- Theatrical release poster
- Directed by: Anudeep K. V.
- Written by: Anudeep K. V. Nag Ashwin
- Produced by: Nag Ashwin
- Starring: Naveen Polishetty; Priyadarshi; Rahul Ramakrishna; Faria Abdullah;
- Cinematography: Siddam Manohar
- Edited by: Abhinav Reddy Danda
- Music by: Radhan
- Production company: Swapna Cinema
- Release date: 11 March 2021;
- Running time: 148 minutes
- Country: India
- Language: Telugu
- Budget: ₹6 crore
- Box office: est. ₹70 crore

= Jathi Ratnalu =

2021 Indian film by K. V. Anudeep

Jathi Ratnalu is a 2021 Indian Telugu-language comedy drama film written and directed by Anudeep K. V. Produced by Nag Ashwin under Swapna Cinema, the film stars Naveen Polishetty, Priyadarshi, Rahul Ramakrishna, and Faria Abdullah, while Murali Sharma, Brahmanandam and Naresh play supporting roles. The music was composed by Radhan with cinematography by Siddam Manohar and editing by Abhinav Reddy Danda. The plot follows three happy-go-lucky men who arrive in the city for a better life but land up in jail for a crime they didn't commit. The film released theatrically on 11 March 2021. It received positive reviews from critics and became a blockbuster at the box office.

== Plot ==
Srikanth works in his father Govindu's ladies emporium in Jogipet; however, he aspires to get an IT job to earn respect from fellow villagers. He challenges his father that he would get a job in two months and leaves to Hyderabad. His unemployed friends, Sekhar and Ravi, tag along with him. They struggle to find a house for rent in the city but finally manage to move into an affluent apartment in Jubilee Hills. Srikanth falls for his neighbor Chitti, and she too likes him.

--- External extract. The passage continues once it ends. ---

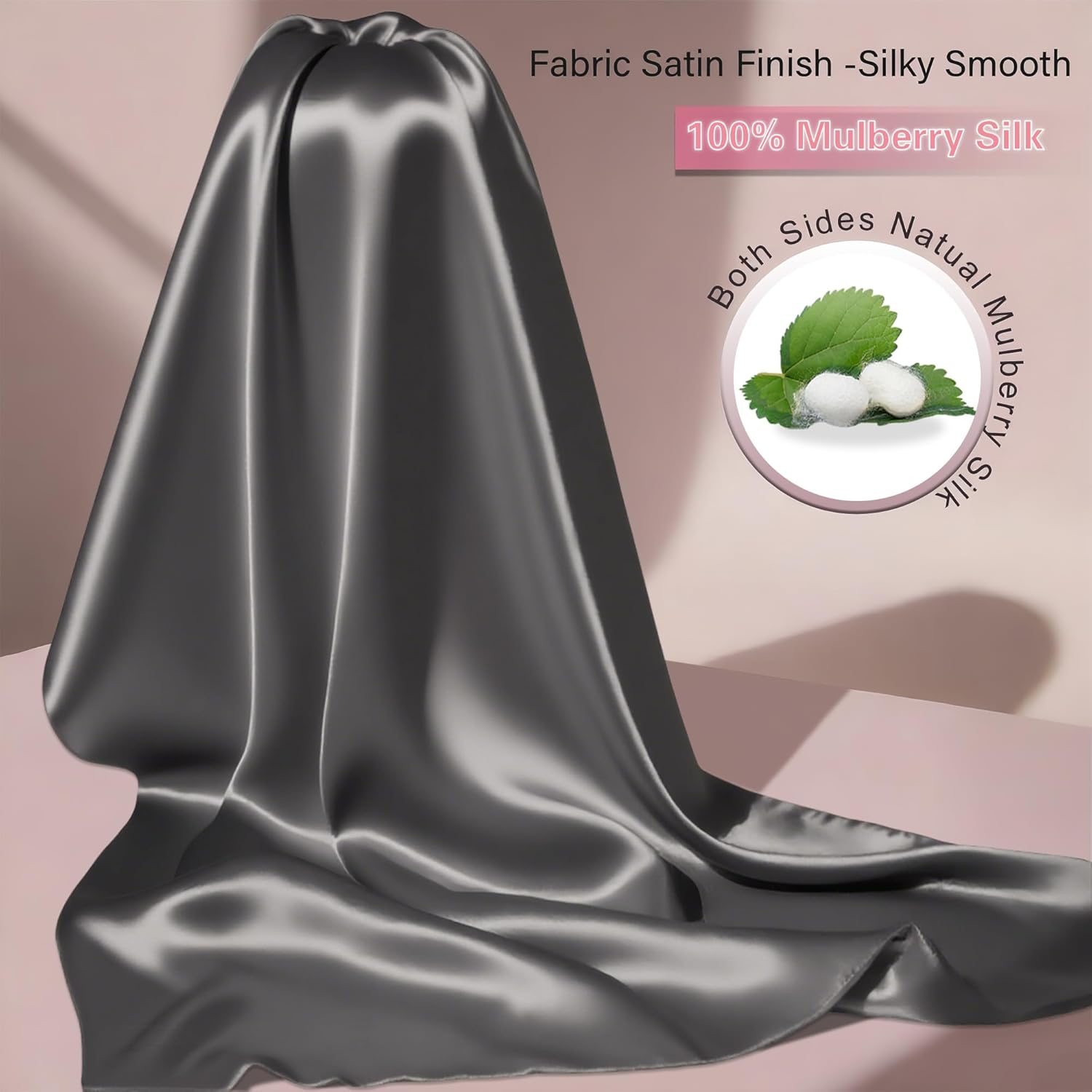 Mulberry Silk Pillow Cases with Zipper, Ultra Smooth Soft Breathable Cooling Pillow Cases for Hot Sleepers, Silk Satin Pillowcase for Hair and Skin, Gifts for Women (Dark Grey, Standard Size, 1 Pack)

Meanwhile, Jana Balam Party makes a public announcement that all the ministerial positions will be given only to the deserving candidates, who must have some kind of experience in the field. Chanakya, who has insider info about the upcoming Indo-Asian Games in the city, manages to get sports ministry over his rival Ramachandra. Chanakya, who also lives in the same apartment as Srikanth and his friends, hosts his birthday party. Srikanth gets a job after attending several interviews, and the trio attends the party without an invitation. That night, Chanakya, who is shot in his abdomen, falls unconscious in their flat. A drunk Ravi pronounces him dead because he checked the right side of his body instead of the left side. While attempting to dispose of the body, they are caught red-handed by the police, who arrest them in the belief that they have a criminal history. Chanakya, however, is alive, and to their surprise, he names them as the perpetrators. They are taken to the court to be tried. Chitti, a lawyer by profession who has no knowledge on the law, tries to prove their innocence, but the judge, unconvinced, postpones the judgment and sends them to jail.

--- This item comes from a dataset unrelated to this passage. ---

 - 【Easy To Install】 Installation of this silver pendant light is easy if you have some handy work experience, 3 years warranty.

Chanakya bails them out, and his men take them to a den and enquires them the whereabouts of his mobile phone which Ravi used while they were trying to dispose of him. Ravi fails to recollect about the mobile. Srikanth overhears that they are going to be killed as soon as Chanakya gets hold of the mobile. They manage to escape by recreating the scenes that happened during that day and decide to find the mobile in hopes of blackmailing Chanakya to withdraw the case. They trace the mobile to their car's boot, only to find that the car is in Chanakya's den. While retrieving the mobile, Ravi gets trapped in the car which Chanakya's fans decide to burn as a mark of protest. The next day, Srikanth and Sekhar rescue Ravi. They challenge Chanakya's brother-in-law, but the mobile accidentally falls in a tea kettle. As a last hope, they deliver the mobile to Ramachandra, but he double-crosses them and joins hands with Chanakya in exchange for money. They are sent to court again for the trial.

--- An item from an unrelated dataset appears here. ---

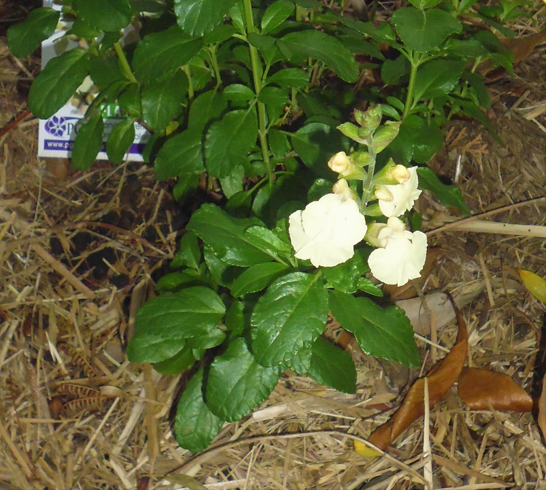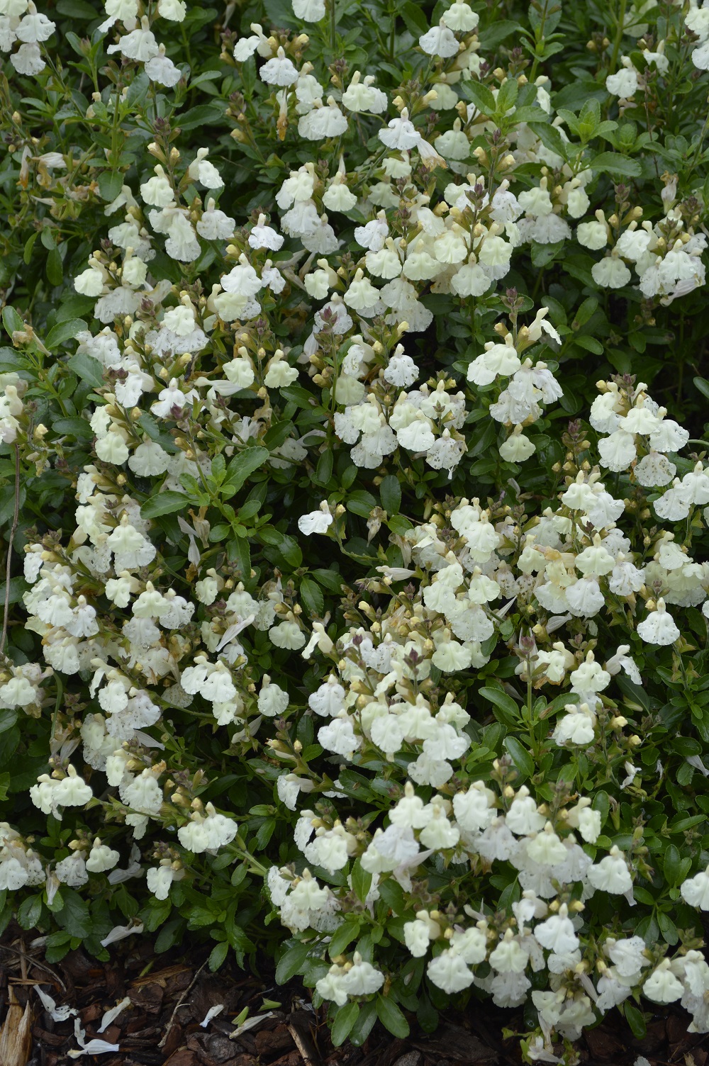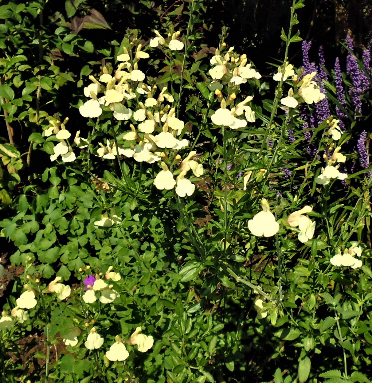 Salvia ‘Flash’ ( Heatwave): a small subshrub 40-60cmH with cream flowers in spring through to autumn for a sunny position.

In a final attempt to save themselves, Srikanth fabricates a story that Chanakya is involved in a scam with Hong Kong-based businessmen, which everyone believes. The judge orders the police to unravel the conspiracy. In order to escape from the public outrage, the party pressurizes Chanakya to sever all his ties with Hong Kong and withdraw the case, which he obliges. Srikanth and his friends are acquitted of the crime, and Chanakya's fan is taken into custody for the attempted murder. The Indo-Asian Games contract is given to Swatantra Electronics. Srikanth goes back to Jogipet to run his own ladies emporium and marries Chitti (who takes up job of providing legal opinions as an advocate).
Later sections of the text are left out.